Religion Around Bono
Title | Religion Around Bono PDF eBook |
Author | Chad E. Seales |
Publisher | Penn State Press |
Pages | 95 |
Release | 2020-01-24 |
Genre | Music |
ISBN | 0271086270 |
For many, U2’s Bono is an icon of both evangelical spirituality and secular moral activism. In this book, Chad E. Seales examines the religious and spiritual culture that has built up around the rock star over the course of his career and considers how Bono engages with that religion in his music and in his activism. Looking at Bono and his work within a wider critique of white American evangelicalism, Seales traces Bono’s career, from his background in religious groups in the 1970s to his rise to stardom in the 1980s and his relationship with political and economic figures, such as Jeffrey Sachs, Bill Clinton, and Jesse Helms. In doing so, Seales shows us a different Bono, one who uses the spiritual meaning of church tradition to advocate for the promise that free markets and for-profits will bring justice and freedom to the world’s poor.
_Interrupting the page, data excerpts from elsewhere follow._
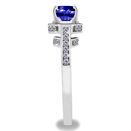 With bezel frame and ring shoulder surrounded by diamonds totaling of 0.65 Ct and a sparkling Round center stone 1 Ct.
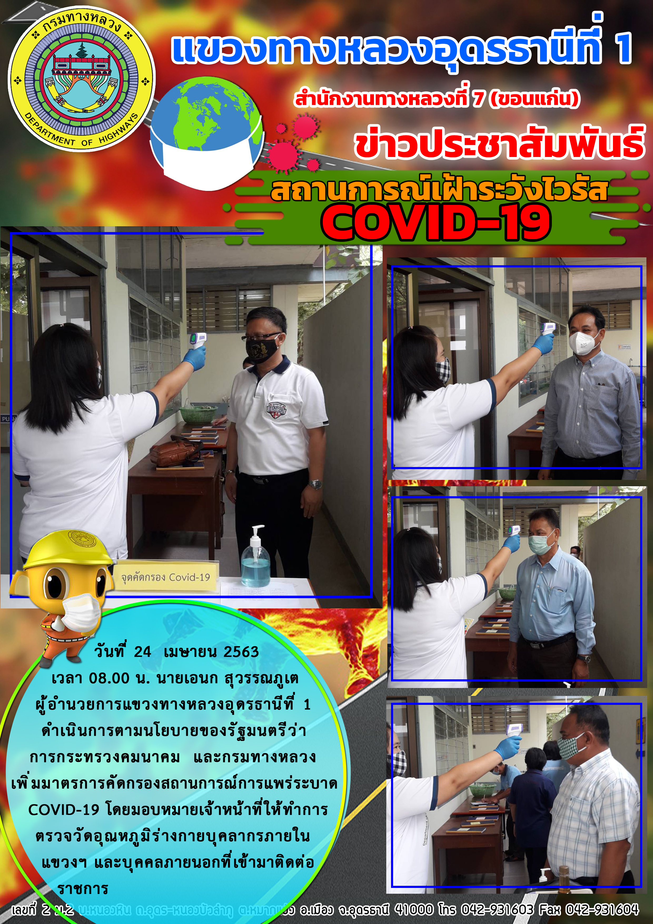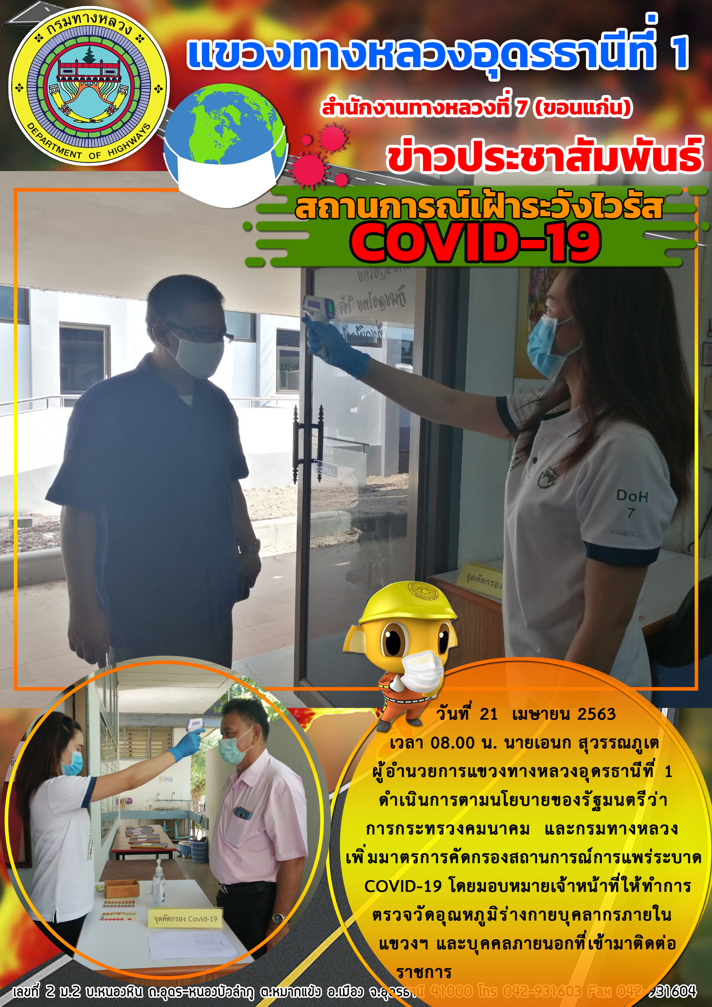 เข้าตรวจเยี่ยม การปฏิบัติงานของเจ้าหน้าที่ตรวจคัดกรองผู้ที่เดินทางขาเข้าจังหวัดอุดรธานี 23-04-63 |
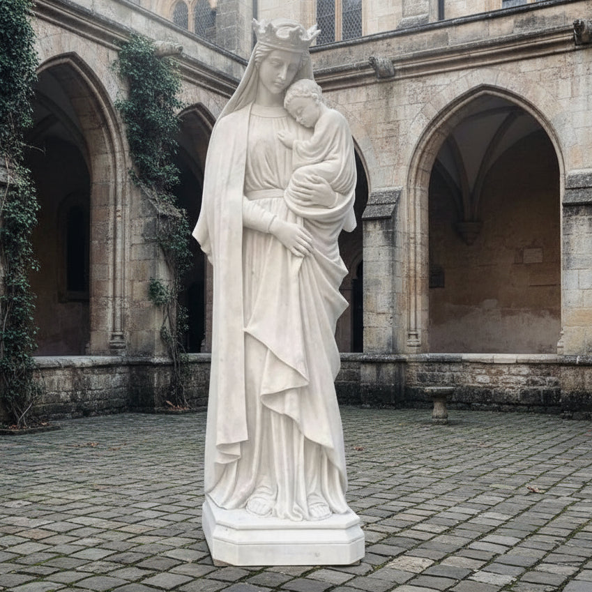 Large Carved Marble Statue of Mary with Child (Seat of Wisdom)
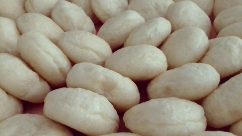 - Pipihkan adonan, kemudian bagi adonan menjadi 8 atau 9 buah(sekitar 60 gram>Sesuai selera untuk ukurannya)
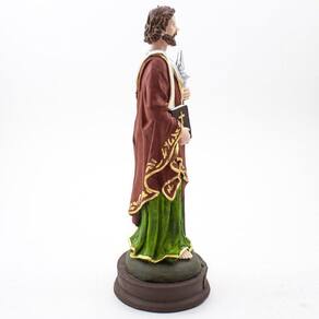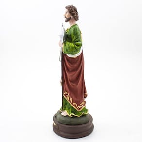 Imagem São Judas Resina 20 cm São Judas Tadeu é considerado o santo das causas perdidas ou impossíveis. Dimensões: altura: 22 cm - Largura: 9,5 cm - Profundidade: 7,5 cm Dimensões aproximadas do produto. Produto pintado a mão, podendo sofrer variações de cores. Marca: Não Informado
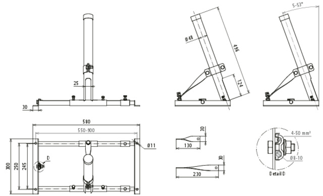Wspornik montażowy na dach metalowy do bocznego mocowania iglicy odgromowej o śr. 40 mm lub rur wsporczych HVI MDH D48 VB550.900 V2A
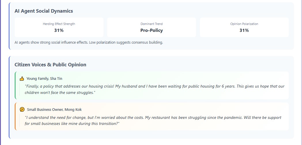 - Individual Decision Making: Each citizen AI agent evaluates policies based on personal characteristics
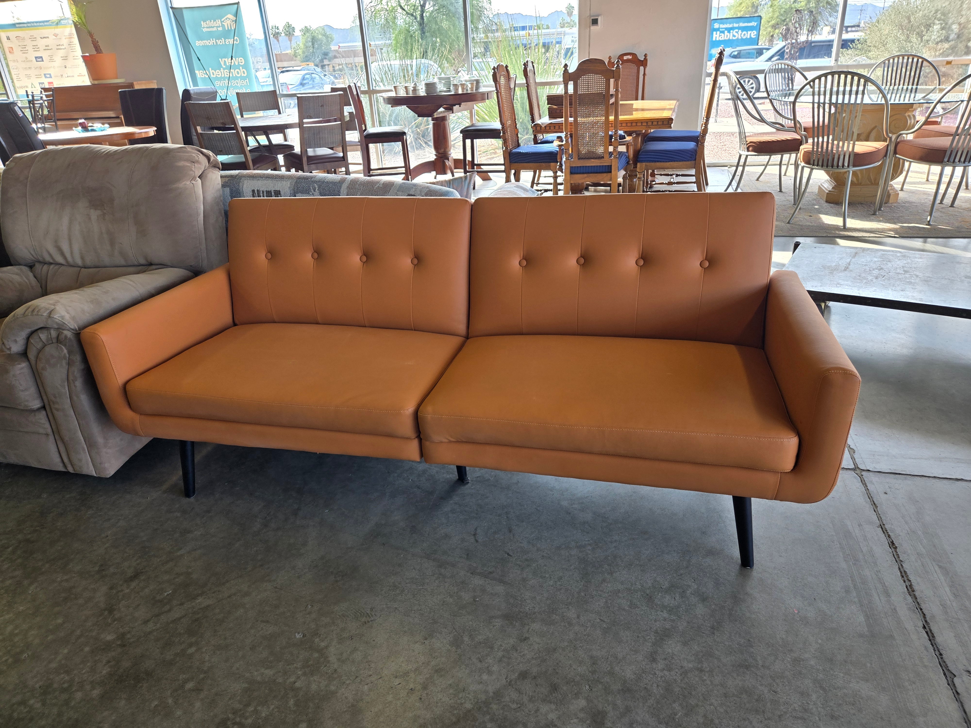 This stylish sofa features a mid-century modern design with a warm, tan faux leather finish. Its sleek silhouette and button-tufted back add a touch of sophistication to any living room. Approximate Size: 2.5 x 6 x 2.5

Engaging with scholarship in popular culture, music, religious studies, race, and economic development, Seales makes the compelling case that neoliberal capitalism is a religion and that Bono is its best-known celebrity revivalist. Engagingly written and bitingly critical, Religion Around Bono promises to transform our understanding of the rock star’s career and advocacy. Those interested in the intersection of rock music, religion, and activism will find Seales’s study provocative and enlightening.